[Start of section]

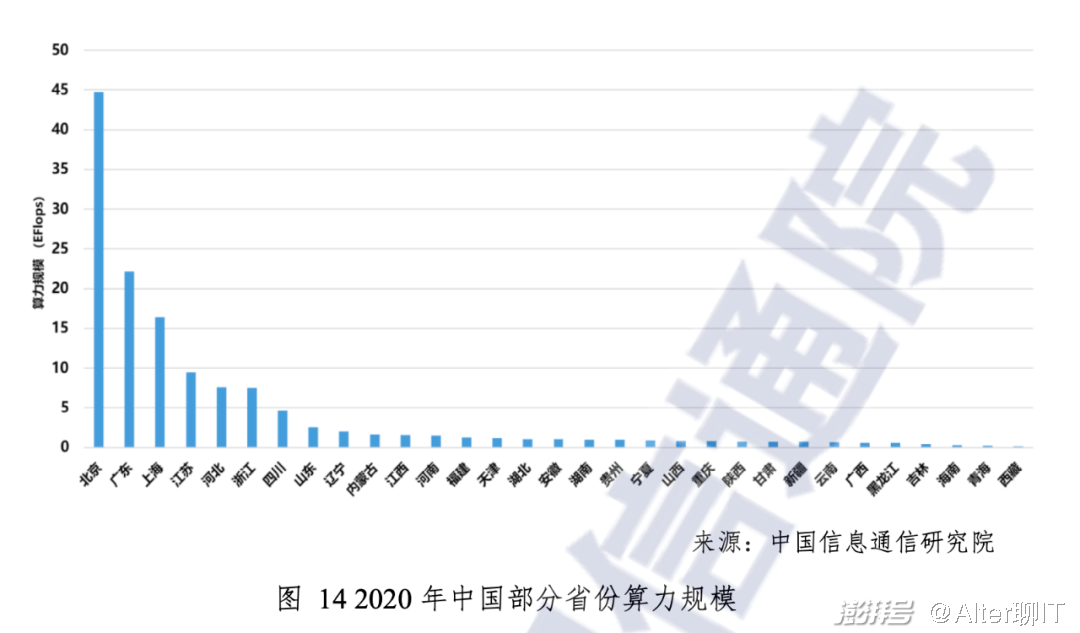 一是当前国内不同省市的算力分布。根据中国信通院在《中国算力发展指数白皮书》中给出的数据,北京、广东、上海的算力规模位列前三,浙江、广东、江苏等东部省份的算力增速超过60%,内蒙古、贵州、甘肃等省市在算力规模和增速上并不占优。
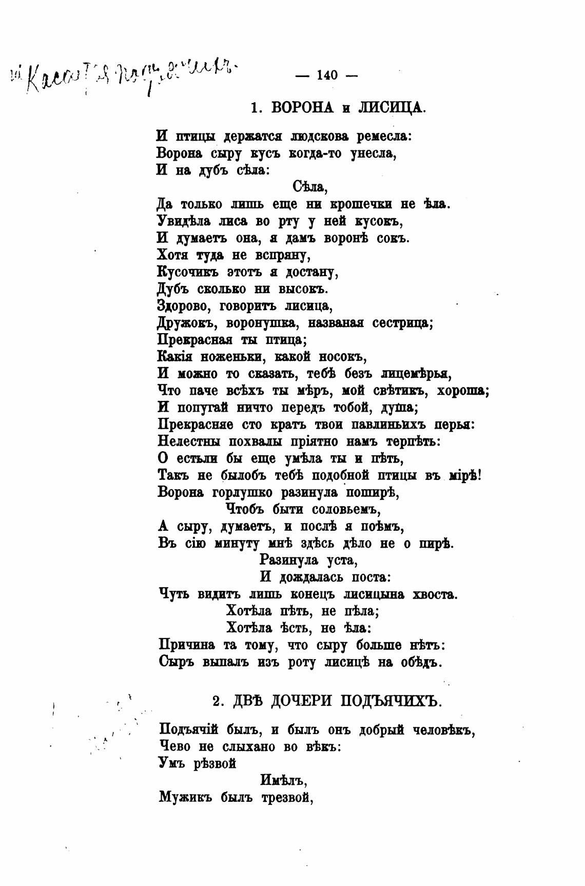 Ворона сыру вусъ когда-то унесла,
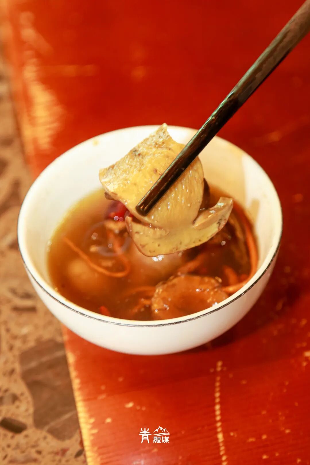时间到,一股极其复杂而霸道的香气“轰”地扑面而来,那不是任何一种调味料能调出的味道,是浓缩了整个云南山林的精华——有松林的馥郁、泥土的芬芳、雨后草木的鲜活。原本清亮的鸡汤此刻已镀上了一层诱人的金黄,汤面滚着细密的油花,每一勺都挂着浓郁的胶质。
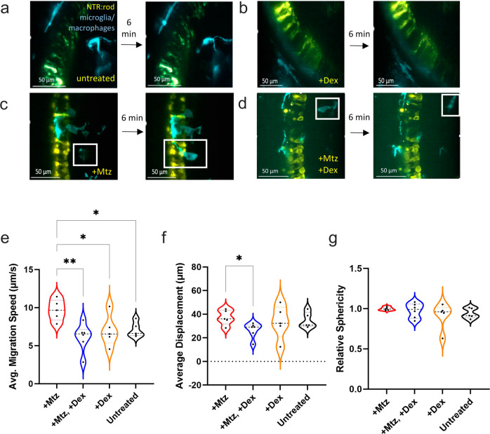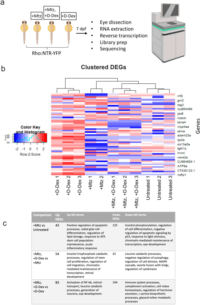 J.S.M. holds patents for the NTR inducible cell ablation system (US #7,514,595) and uses thereof (US #8,071,838 and US#8431768). R.M.K. and S.P.K. have been awarded pending patents relating to the hydroxyl dendrimer platform for ocular therapies. RMK and his wife (Sujatha Kannan) are co-founders/board members and have financial interests in Ashvattha Therapeutics Inc., a start-up focusing on clinical translation of the dendrimer platform. The remaining authors declare no competing interests.
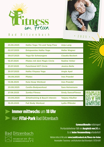 „Wir freuen uns sehr auf zahlreiche Teilnehmerinnen und Teilnehmer und auf einen aktiven Fitnesssommer in Bad Ditzenbach“,sagt Lena Horlacher,Leiterin des Tourismus- und Kulturbüros. „Besonders schön ist,dass wir mit dem Kursangebot den neuen FiTal-Park als Treffpunkt für Bewegung,Begegnung und Erholung nutzen können – er bietet die perfekte Kulisse für unser Sommerprogramm.“
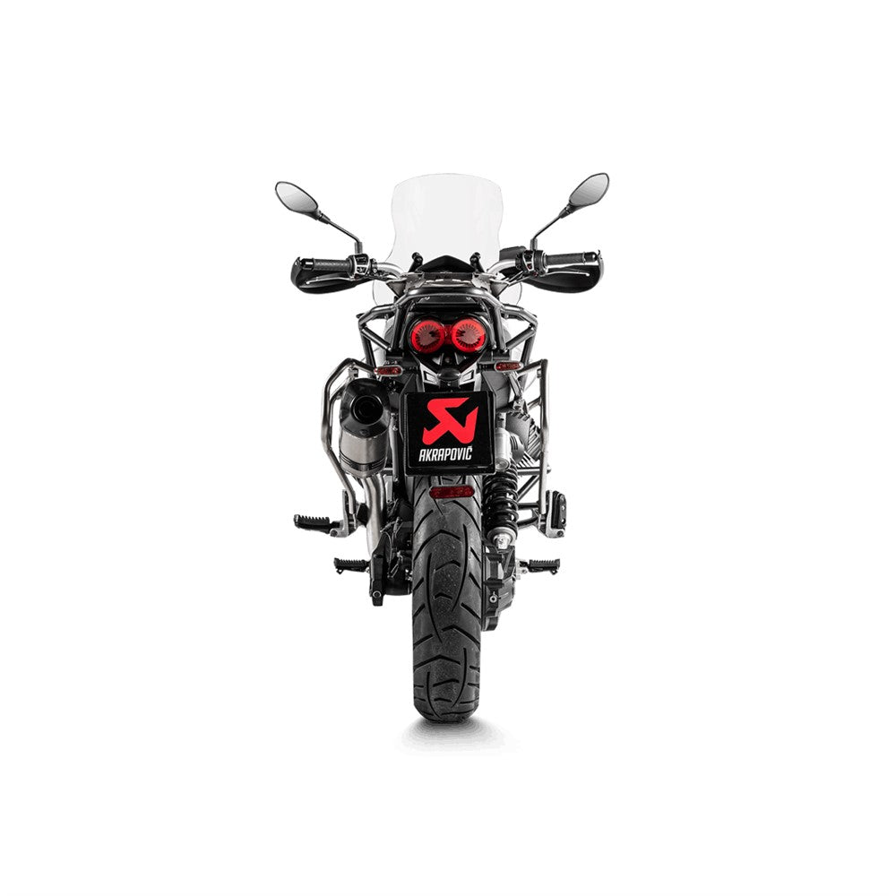 The exhaust system is compatible with Moto Guzzi Urban cases.
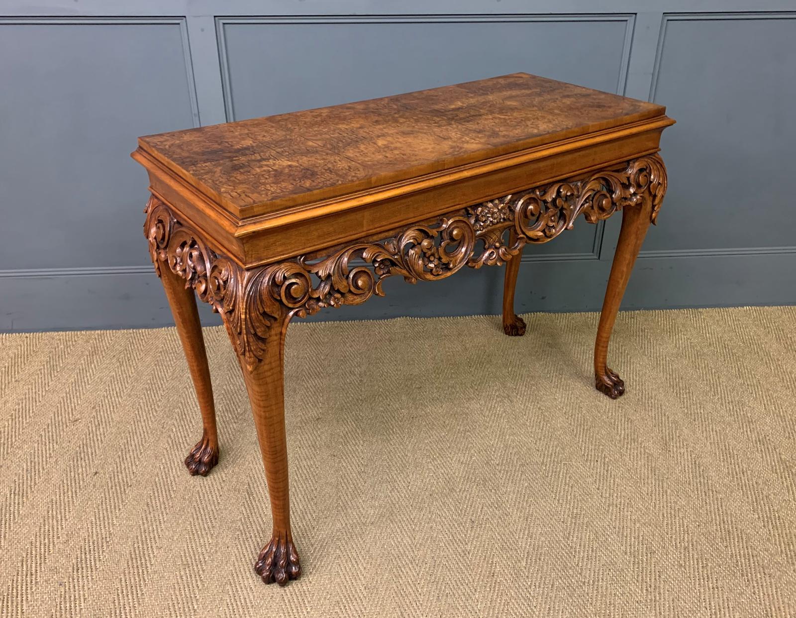 Carved Burr Walnut Console Table
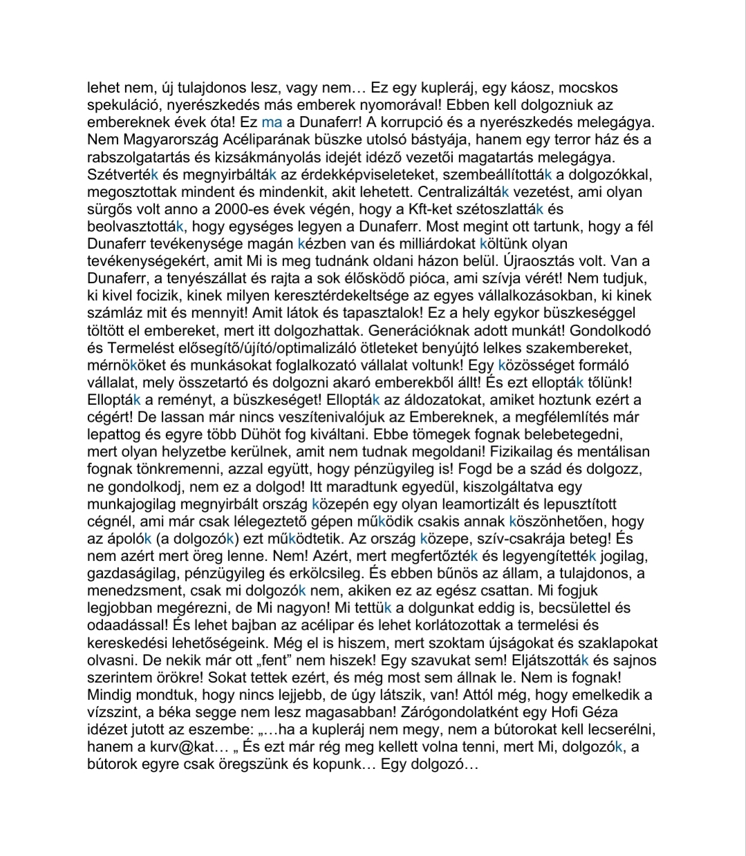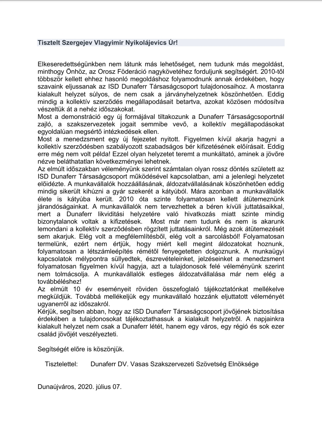 A DUNAFERR DV. Vasas Szakszervezeti Szövetség a mai napon a következő leveleket küldte meg az Orosz Föderáció nagykövetének segítségét kérve a többségi tulajdonosunkkal történő kapcsolatfelvételhez, hogy mi is el tudjuk mondani álláspontunkat a Dunaferr Társaságcsoportnál kialakult helyzetről.

[End of section]

> WHAT IS BEING ASKED
Leave out the pictures, then reproduce exactly the run of lines from the one that contains "Carved Burr Walnut Console Table" to the final line of the listing above.

> RESPONSE BOX
 Carved Burr Walnut Console Table
 A DUNAFERR DV. Vasas Szakszervezeti Szövetség a mai napon a következő leveleket küldte meg az Orosz Föderáció nagykövetének segítségét kérve a többségi tulajdonosunkkal történő kapcsolatfelvételhez, hogy mi is el tudjuk mondani álláspontunkat a Dunaferr Társaságcsoportnál kialakult helyzetről.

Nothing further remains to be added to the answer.